Growth slowdown (2): GDP is a measure of a mid-20th century industrial economy
The invention of modern national accounting, which includes the construction of GDP estimates, is credited to Kuznets and others, who did pioneering work on measuring output in the 1930s and 1940s. Ever since it was invented, thoughtful economists have cautioned against using GDP as a measure of welfare; all the while most other economists do just that.The standard criticisms of national output are outlined in clarity by the Stiglitz-Sen-Fitoussi commission, or more poetically by Robert Kennedy:
I would express these specific criticisms in a common way:
GDP measures the things that seemed important in 1940. #
National accounts take a picture of the world through a 1938 Kodak 35 rangefinder camera, and if, like a vintage filter on Instagram, they make every year look just a bit more like 1940 than it actually is, we shouldn’t be surprised. In the America of 1940, the economy was all about things you could could stub your toe on, and ultimately exchange money for, be that a bushel of wheat or a 1939 Studebaker Champion. ‘The economy’ did not include unpaid domestic work, because women worked in the home and always would, and so with a brief ceteris paribus we could ignore them. It did not include environmental degradation - Kennedy’s ‘air pollution’ - because Silent Spring hadn’t been written yet, and the environment had a boundless capacity to absorb our waste.
In short, the further you travel from 1940 - in either direction - the less relevant GDP becomes as a measure of anything very interesting.

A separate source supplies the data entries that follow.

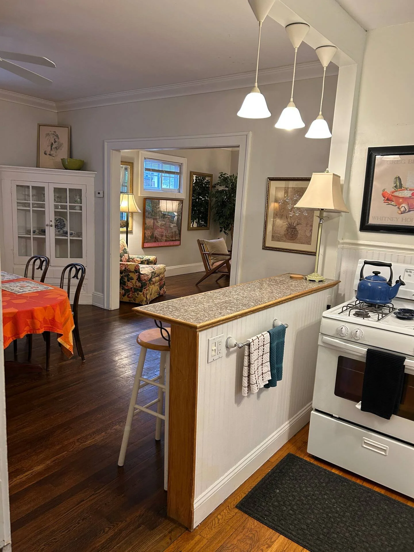 This is a very spacious & soulful 1st Floor, 2 bedroom apartment, just 7 minutes from the Cleveland Clinic! We knocked the wall down between the kitchen and the dining room, and this move really opened the space nicely, so, the chef is not cut off from the liveliness of her/his guests. It has a covered balcony which is excellent for meals outside and evening cocktails.
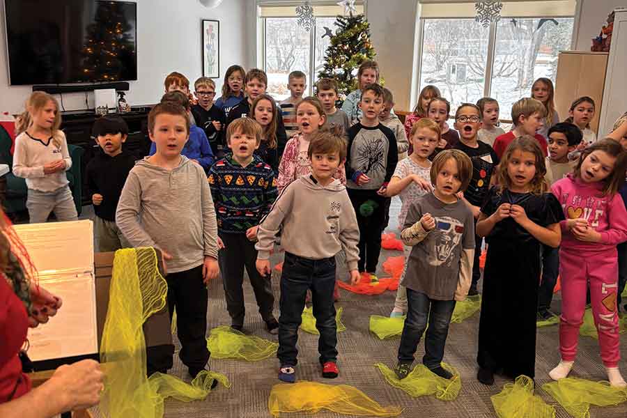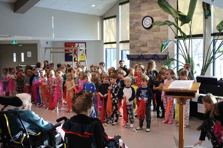 École Carman Elementary School students from multiple classes — including Grade 1 (1S) and Grade 2 (2M) — performed a seasonal concert for residents and guests at the Riverview Legion Lodge apartment complex in December. On Jan. 9 students from four classes — Kindergarten French Immersion (KS) and Kindergarten English (KM), Grade 1 (1S) and Grade 2 (2M) performed a second one for Boyne Lodge residents. Under the direction of music teacher Mrs. Myrna Klassen, the students sang a seven-song set featuring Falling Leaf, Blowing in the Wind, It’s Snowing Outside, Hot Chocolate, Snowflakes in the Air and Pretty Snowflakes, before closing with Jingle All the Way. The performance included scarves, choreographed actions and percussion instruments such as jingle bells and homemade shakers created in class.
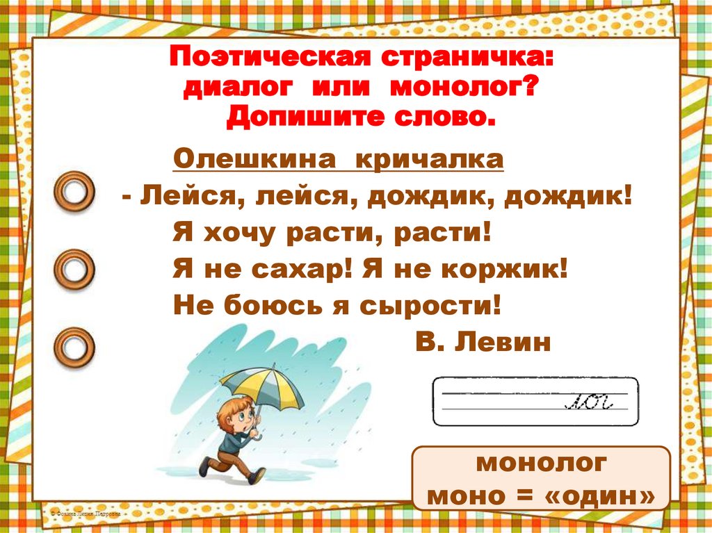 Диалог и монолог. 2 класс
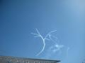 こんにちわ、加藤です 今日も岐阜県各務原市は、ど快晴です タイトル通り、『○○○前日』ということで、 明日は、航空祭 しかし、午前中ケムリを出しながら飛行機が飛んでいました 航空祭は明日では???と思いつつも、 小学校以来に見るので、心が少しはしゃいでしまいました カメラを片手に、 2つの飛行機が・・・ 何を描いているのでしょうか??? ハートです 打ち抜いてます 5つの飛行機が・・・ もうお分かりですね 星です 芸術です 明日もお仕事なので、航空祭には行けずじまいですが、 庭遊館で音だけ聞いて、楽しみます ひそかに、庭遊館はナイスな観測ポイントです 是非、明日庭遊館へ →
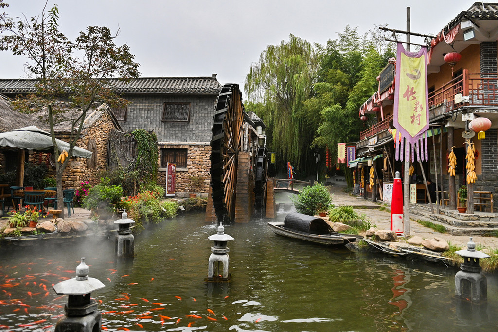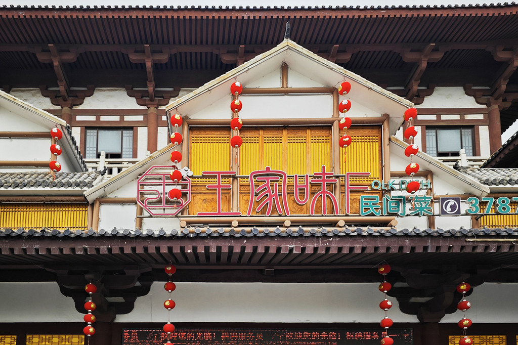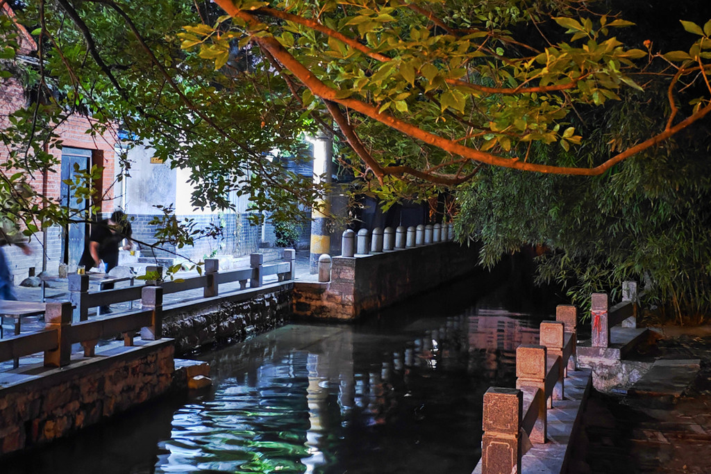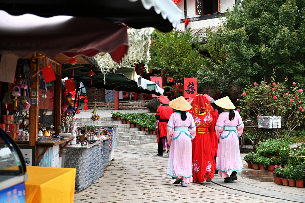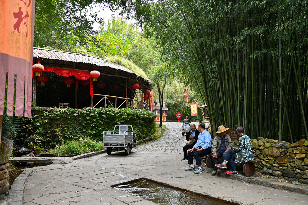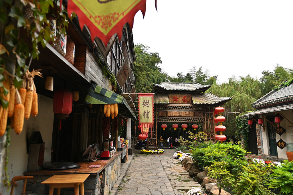 曲水流觞,檐花蔌蔌,沿着村里的青石板路向前,错落有致的古朴石屋边,清泉沽沽,竹香淡淡,街边有各种小摊,街道上各种店铺,从生活到娱乐,方便却并不喧嚣。
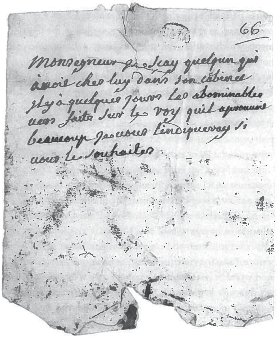 Ответил, что он вовсе не поэт и никогда не писал стихов против кого бы то ни было, но около трех недель назад, когда он был в больнице (Отель-Дьё), навещая аббата Гиссона, начальника больницы, туда примерно в пять часов вечера пришел священник тоже для встречи с Гиссоном; этот священник был выше среднего роста и выглядел лет на тридцать пять; беседа касалась газетных статей; и священник, заметив, что кто-то был столь нечестив, что написал сатирические стихи о короле, показал оду против Его Величества, которую ответчик скопировал там же, в комнате господина Гиссона, но не записав всех строк и пропустив большие отрывки5.
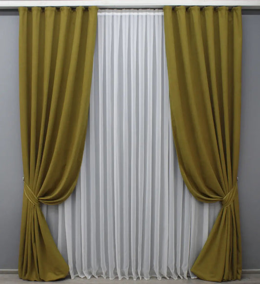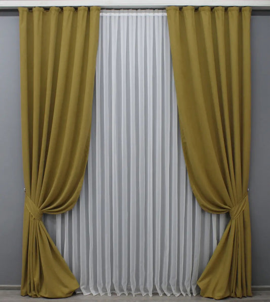 Elegant Mustard Microvelvet Curtains – Set of 2 – 70% Light Blocking
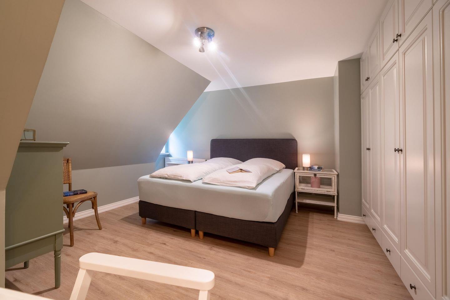 Das reetgedeckte Hausteil Luettliv-Huus II verfügt über 2 Schlafzimmer und 3 Bäder und bietet somit komfortabel Platz für bis zu 4 Personen zuzüglich einer Kleinkinderaufbettung. Auch bis zu 2 Hunde sind herzlich willkommen.
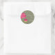 Pegatina Redonda Flores rojas rosadas té café verde favor de la bod
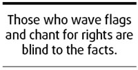 Those who wave flags and chant for rights are deaf to our voices and blind to these facts.

While Angus Maddison heroically attempted to estimate GDP going back centuries or even millenia, these numbers are next-to-impossible to meaningfully interpret once we move too far from our own experience. Apparently, Haiti in 2008 had the same real GDP per capita, as Germany in 1500 (around $690 in 1990 prices). And yet Haiti has 4.2 million cellular phones (2011), whereas that kind of sorcery would get you burned at the stake in 16th century Germany. In Haiti, the life expectancy at birth is 63, miserable by world standards. But in 16th century Europe, it was an even-more-miserable 40. So what does GDP tell us? Was life in Germany in 1500 anything like life in Haiti in 2008?
Similar issues arise as we travel forwards in time. Consider, for example, that in 1940, Encyclopaedia Britannica was sold door-to-door, presumably recording substantial revenues, which fed into GDP estimates of publishing. Today, Wikipedia has entire displaced the traditional encyclopaedia (and many other reference books besides), and its revenues are negligible. The encyclopaedia-publishing sector has simply vanished from the national accounts, and yet we have better encyclopaedias than ever before. The same problem applies to open-source software, and free access to entertainment (music & videos on Youtube, for instance).
This is a well-known problem. GDP captures market exchange, but what we really care about is an imaginary and not-directly-measurable idea that economists call consumer surplus: the degree to which you value something more than the price you pay for it.
Some commentators think this is not a big problem today. Much of the economy is still involved in producing things that would be familiar to our 1940s researcher. But that’s gradually changing, and there’s no question it distorts GDP comparisons over time. The actual calculation of GDP by statistical agencies is a patchwork of minor repairs to deal with issues like this, and I’m sure they can go on repairing it for some time. But now, more than ever, we need to be careful about how we interpret GDP. And I would say one of the worst ways to interpret it, is to use GDP growth per capita as a measure of technological progress.